Menu of the Week: The Waldorf-Astoria, 1897

Editor
A peek into the world of turn-of-the-century fine dining

Library of Congress

This is what folks ate at one of New York's finest hotels at the turn of the century, once they deciphered the menu.

Every week, we tap into the deep recesses of the New York Public Library’s vast archive of old menus to take a look at the history of dining out. Click here for more Menus of the Week.

When you first take a look at this 1897 menu, the bill of fare from the Waldorf-Astoria, arguably the finest hotel in New York at the time, the first thing that jumps out is the fact that it’s all in French. Even the little note telling guests that they can prepare a pre-theater menu is in French, and the one above it saying that they don’t accept reservations after 7 p.m.

While this menu might look completely different from ones you’ll see today, it’s not very different from how it was at fine dining establishments throughout the country at this time. Fine dining was French dining; they were essentially synonymous. The menu is divided into soups, salads, seafood, a highlighted section where all the most expensive stuff was listed (things haven’t changed much after all), meats, game, vegetables in various preparations, cheeses, fruits, and lots of desserts.

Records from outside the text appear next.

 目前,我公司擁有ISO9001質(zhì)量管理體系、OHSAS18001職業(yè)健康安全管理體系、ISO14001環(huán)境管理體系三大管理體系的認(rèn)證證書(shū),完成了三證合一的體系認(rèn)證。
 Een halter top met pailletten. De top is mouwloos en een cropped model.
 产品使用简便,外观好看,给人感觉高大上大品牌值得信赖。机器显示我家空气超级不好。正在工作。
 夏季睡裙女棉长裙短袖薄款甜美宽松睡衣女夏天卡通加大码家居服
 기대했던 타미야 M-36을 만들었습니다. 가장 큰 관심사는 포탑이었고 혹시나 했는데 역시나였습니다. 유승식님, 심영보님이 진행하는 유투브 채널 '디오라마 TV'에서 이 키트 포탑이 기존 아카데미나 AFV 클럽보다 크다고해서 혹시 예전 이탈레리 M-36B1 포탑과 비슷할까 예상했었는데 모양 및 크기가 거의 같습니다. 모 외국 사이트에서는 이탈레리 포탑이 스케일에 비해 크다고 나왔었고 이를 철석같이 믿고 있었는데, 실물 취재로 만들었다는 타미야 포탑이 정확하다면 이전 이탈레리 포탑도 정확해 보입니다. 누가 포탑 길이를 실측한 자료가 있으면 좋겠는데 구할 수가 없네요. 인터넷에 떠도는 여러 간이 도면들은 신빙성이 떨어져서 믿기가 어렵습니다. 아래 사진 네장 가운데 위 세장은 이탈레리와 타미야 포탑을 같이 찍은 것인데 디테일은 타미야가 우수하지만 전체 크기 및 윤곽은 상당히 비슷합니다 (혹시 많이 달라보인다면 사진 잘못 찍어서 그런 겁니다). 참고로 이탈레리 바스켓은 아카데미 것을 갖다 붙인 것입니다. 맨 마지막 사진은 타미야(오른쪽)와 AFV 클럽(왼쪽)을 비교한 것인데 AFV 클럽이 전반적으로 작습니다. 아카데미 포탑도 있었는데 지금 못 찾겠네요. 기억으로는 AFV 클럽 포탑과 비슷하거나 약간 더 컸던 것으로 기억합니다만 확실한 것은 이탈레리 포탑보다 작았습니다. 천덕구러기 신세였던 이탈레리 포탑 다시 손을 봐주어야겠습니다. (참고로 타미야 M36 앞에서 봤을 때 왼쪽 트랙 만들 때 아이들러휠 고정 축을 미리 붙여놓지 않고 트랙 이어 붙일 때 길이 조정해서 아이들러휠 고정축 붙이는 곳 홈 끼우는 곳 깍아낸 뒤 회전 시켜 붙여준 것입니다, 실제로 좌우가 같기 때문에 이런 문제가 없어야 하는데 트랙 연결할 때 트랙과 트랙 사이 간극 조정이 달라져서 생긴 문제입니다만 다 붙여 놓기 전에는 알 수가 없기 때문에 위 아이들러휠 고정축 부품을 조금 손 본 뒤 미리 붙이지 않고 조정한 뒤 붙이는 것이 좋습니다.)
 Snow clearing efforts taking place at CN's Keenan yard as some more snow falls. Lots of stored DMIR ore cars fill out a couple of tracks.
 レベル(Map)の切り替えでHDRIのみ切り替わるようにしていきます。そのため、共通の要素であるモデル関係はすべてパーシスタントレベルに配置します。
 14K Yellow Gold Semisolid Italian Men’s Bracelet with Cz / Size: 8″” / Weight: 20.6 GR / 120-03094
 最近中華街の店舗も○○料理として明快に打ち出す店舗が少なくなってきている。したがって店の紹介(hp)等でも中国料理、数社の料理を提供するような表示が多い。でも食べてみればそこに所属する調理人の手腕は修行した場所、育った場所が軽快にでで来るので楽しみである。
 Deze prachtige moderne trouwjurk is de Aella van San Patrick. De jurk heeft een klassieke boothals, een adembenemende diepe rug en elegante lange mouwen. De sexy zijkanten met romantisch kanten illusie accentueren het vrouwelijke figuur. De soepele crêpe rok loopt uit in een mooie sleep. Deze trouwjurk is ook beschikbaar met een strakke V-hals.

It takes a real knowledge of both French and cuisine in order to navigate this menu, and that’s exactly what the folks at the Waldorf were going for. Whereas most modern menus actually provide some explanation along with each item (what a novel concept), this just assumes that you already know what a Salade Japonaise is. But even though it might look intimidating, there are plenty of dishes that would be right at home on a menu today. We’ll stick with the clam chowder, grilled chicken, some haricots verts, a nice hunk of Gruyère, and an almond soufflé to top it off. Even though that meal only would have cost $3.60 in 1897’s dollars, when adjusted for inflation that’ll cost nearly $100.

The original Waldorf was located at the corner of 34th Street and Fifth Avenue, a very swanky neighborhood at the time. It was torn down in the 1920s to make way for the Empire State Building, which occupies that spot today, and the hotel moved up to its current location on Park Avenue. The closest equivalent to the grand dining room today is the a steakhouse that offers a slightly more traditional dining experience.